Высокая трудовая дисциплина в учебно-воспитательной работе школы – залог успеха. Между тем некоторые учителя явно игнорируют трудовую дисциплину и доходят до грубого нарушения советского законодательства о трудовой дисциплине. Так 29 декабря 1951 года, когда в школе ещё не закончился трудовой день, учителя Окуджава Б. Ш., Суховицкая М. С., Михайлова Г. В., Смольянинова Г. В., Некрасова О. Н., Лысикова Н. С. и Прошлякова Г. А. без разрешения директора школы и не доводя до сведения зав РОНО, выехали из пределов Высокиничи и находились в самовольной отлучке до 10 января 1952 года совершив таким образом, прогул. Никаких объяснений в дирекцию школы указанные учителя не представили, а представленное Некрасовой О. Н. объяснение не имеет оснований на самовольный выезд без разрешения. Учитывая, что такое грубое нарушение трудовой дисциплины пагубно влияет на работу школы и унижает авторитет её в глазах органов народного образования, партийных, советских и общественных организаций, а так же среди населения, учитывая и то обстоятельство, что нарушение трудовой дисциплины со стороны таких учителей как Михайловой Г. В., Суховицкой М. С. и Некрасовой О. Н. делается не в первый раз, о чём последние предупреждались в своё время в устной форме, приказываю:
1. Учительнице Суховицкой М. С. за самовольный прогул в количестве 10 дней, объявить строгий выговор с удержанием заработной платы за всё время прогула.

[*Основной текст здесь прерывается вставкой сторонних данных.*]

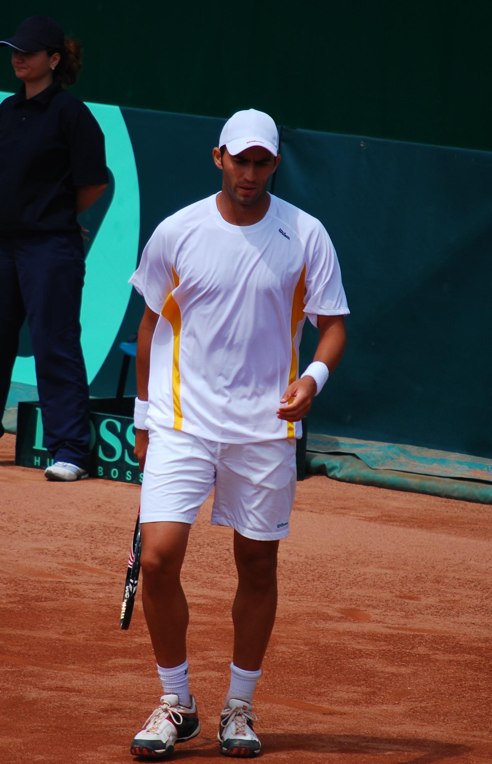 Romanian tennis player Horia Tecău during the doubles match against Ukraine in the Davis Cup 2010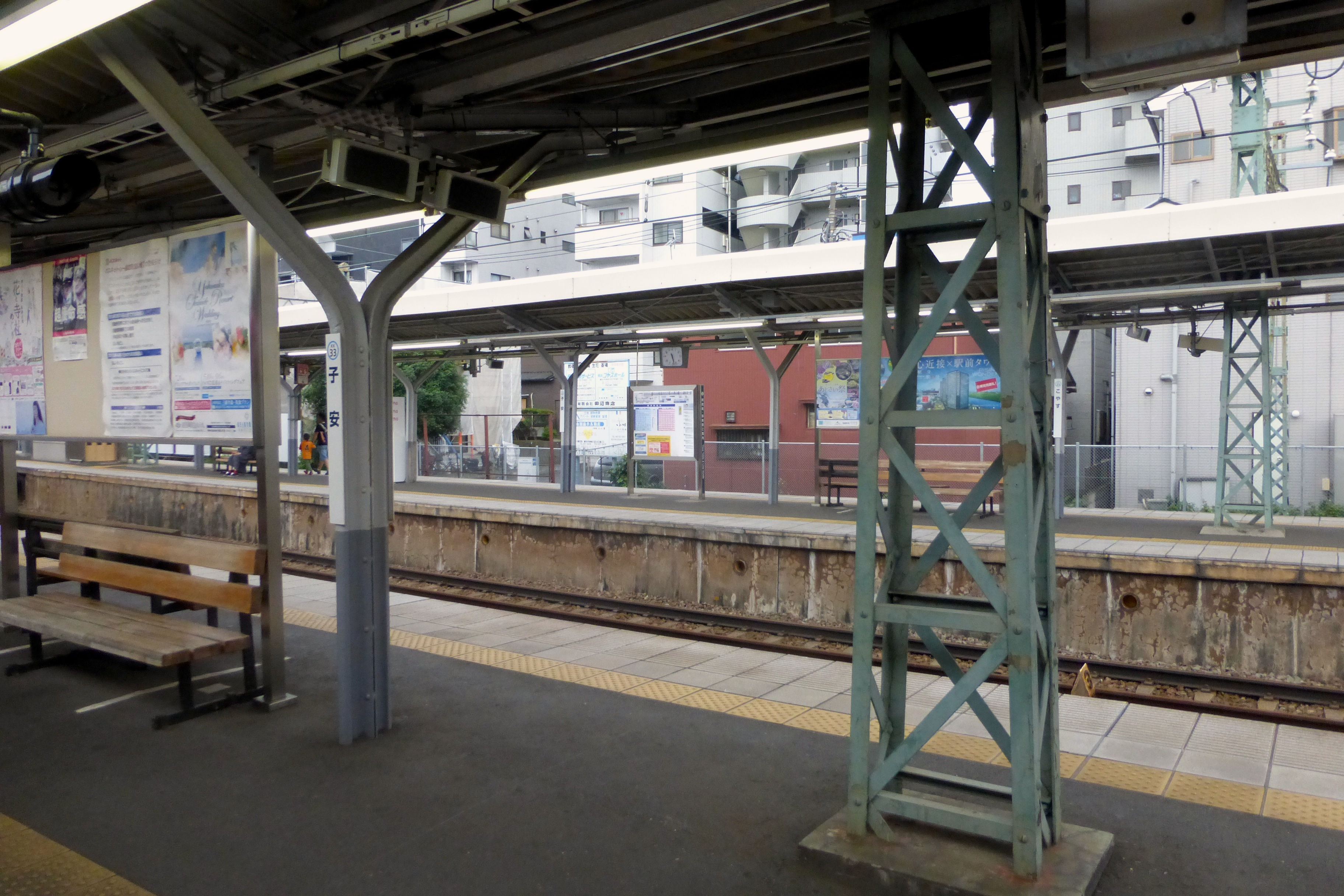 Koyasu station platforms (子安駅のホーム)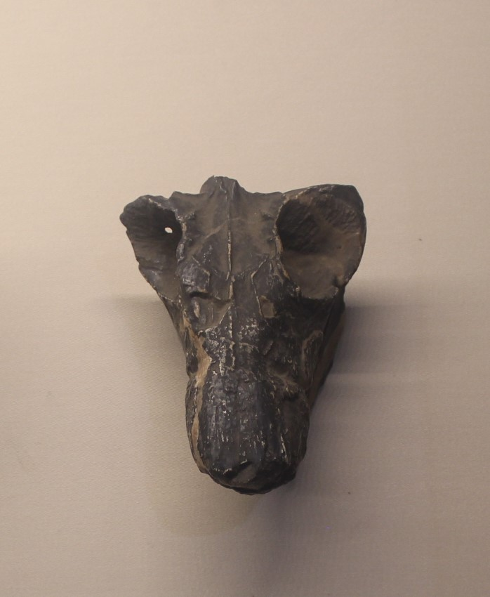 Skull of Urumchia lii on display at the Tianjin Natural History Museum.

<…>[45 - Пункты 2–4 повторяются в отношении Михайловой, Смольяниновой и Лысиковой.]
5. Учительнице Некрасовой О. Н. за самовольный выезд 29 декабря 1951 года на консультацию по направлению врача, поставить на вид, так как больничный лист ею не представлен, произвести удержание заработной платы за всё время отсутствия 10 дней.
6. Учительнице Прошляковой Г. А. за выезд в Москву 29 декабря 1951 года без разрешения, поставить на вид. Так как Прошлякова Г. А. часть времени провела с учащимися 9 класса ездившими в Москву на экскурсию, то вычет заработной платы произвести за 5 дней, а именно: за 29/XII-51 г. и за 7, 8, 9, и10 января 1952 года.
7. Довести до сведения приказ по Высокиничскому РОНО от 10/I-52 года за № 1 в отношении учителя Окуджава Б. Ш. (Далее следует полный текст этого приказа, приведённый выше. – М. Г.)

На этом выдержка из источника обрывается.